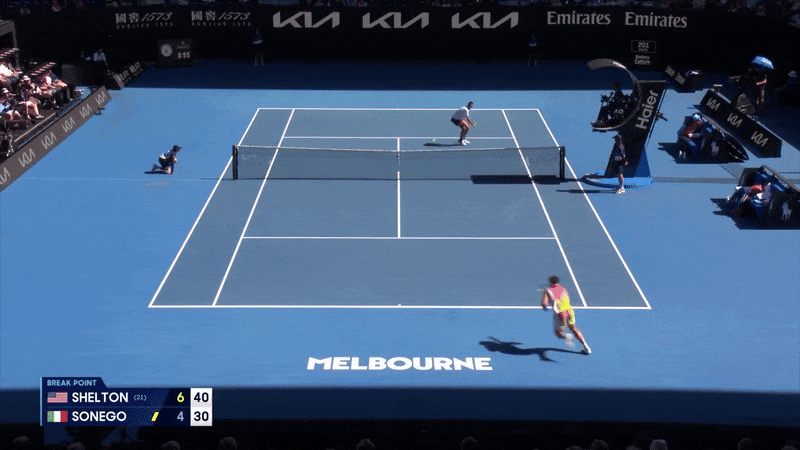 В начале второго сета матча с Беном Шелтоном итальянец отыграл брейк-пойнт, пробив с лета так, что мяч отскочил обратно на его половину корта.
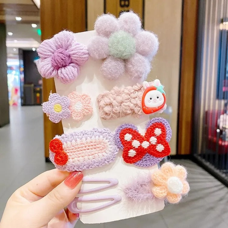 "Artisanal Chic: 9-Piece Handmade Wool Knitted Hair Clips Collection"
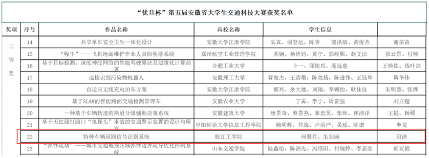 2023年11月25日,由安徽省教育厅主办,合肥工业大学、安徽三联学院承办的第五届安徽省交通科技大赛决赛在合肥工业大学举行。本届大赛以“高质量发展、创新赢未来”为主题,共收到省内外29所高校188件作品,最终100件作品进入决赛。经过激烈的答辩与对决,由米兰土木工程学院田清老师指导的《特种车辆道路信号识别系统》获得大赛三等奖。
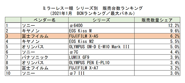 シリーズ別の販売台数シェアランキングでは、メーカーシェアを反映するように、ソニーの「α6400」がキヤノンの「EOS Kiss M」を逆転。期待の「EOS Kiss M2」を上回ったのが富士フイルムの「FUJIFILM X-A5」。小型・軽量モデルながら高いコスパ機として支持を拡大している。(BCN・大蔵 大輔)
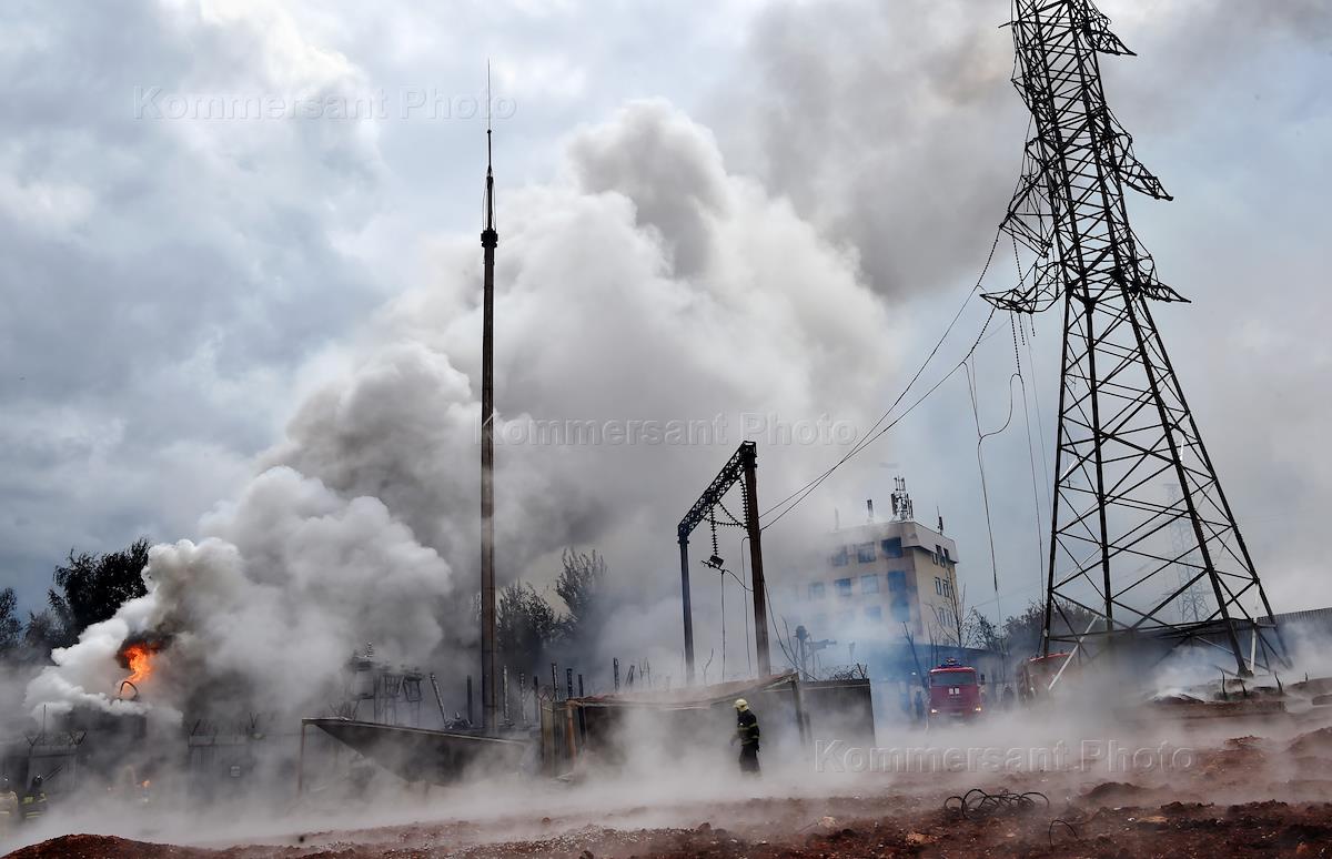 Сотрудники МЧС России во время ликвидации пожара возле Северной ТЭЦ.
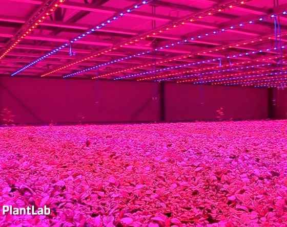 A Netherlands-based company called PlantLab has devised a method for growing plants indoors using an unearthly pink-purple light made by a combination of red and blue LED lights, instead of sunlight.
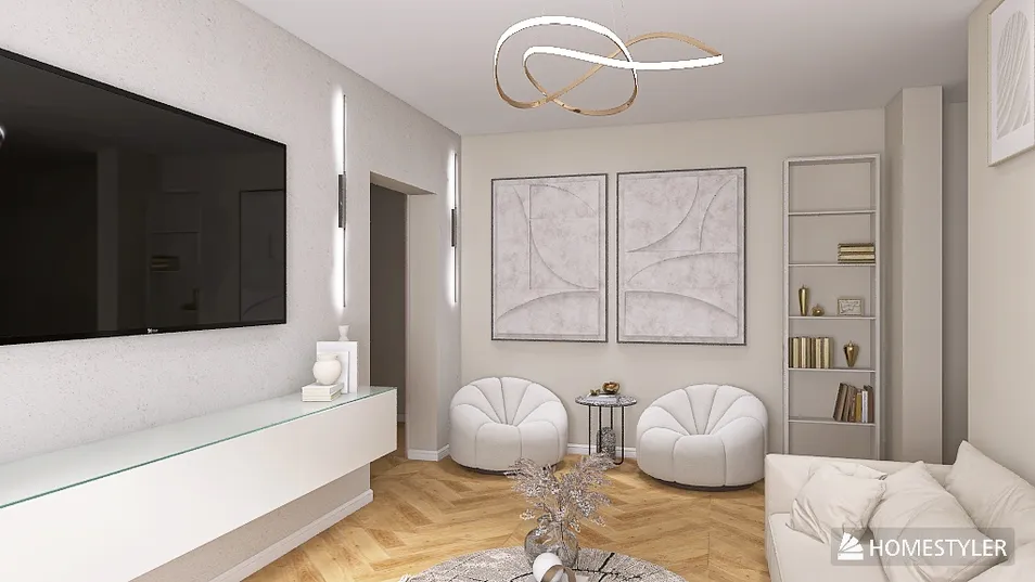 Un angolo di eleganza minimalista, dove le curve morbide delle poltrone bianche incontrano il rigore del parquet. La luce soffusa danza sulle pareti, creando un'atmosfera che invita alla contemplazione, mentre l'arte astratta si erge come un sussurro di creatività.

┄┄┄┄┄┄

About this task —
The lines to reproduce run from the one above containing "Chic: 9-Piece Handmade" through the one containing "A Netherlands-based company". Copy them exactly and leave out all pictures.

Result below —
 "Artisanal Chic: 9-Piece Handmade Wool Knitted Hair Clips Collection"
 2023年11月25日,由安徽省教育厅主办,合肥工业大学、安徽三联学院承办的第五届安徽省交通科技大赛决赛在合肥工业大学举行。本届大赛以“高质量发展、创新赢未来”为主题,共收到省内外29所高校188件作品,最终100件作品进入决赛。经过激烈的答辩与对决,由米兰土木工程学院田清老师指导的《特种车辆道路信号识别系统》获得大赛三等奖。
 シリーズ別の販売台数シェアランキングでは、メーカーシェアを反映するように、ソニーの「α6400」がキヤノンの「EOS Kiss M」を逆転。期待の「EOS Kiss M2」を上回ったのが富士フイルムの「FUJIFILM X-A5」。小型・軽量モデルながら高いコスパ機として支持を拡大している。(BCN・大蔵 大輔)
 Сотрудники МЧС России во время ликвидации пожара возле Северной ТЭЦ.
 A Netherlands-based company called PlantLab has devised a method for growing plants indoors using an unearthly pink-purple light made by a combination of red and blue LED lights, instead of sunlight.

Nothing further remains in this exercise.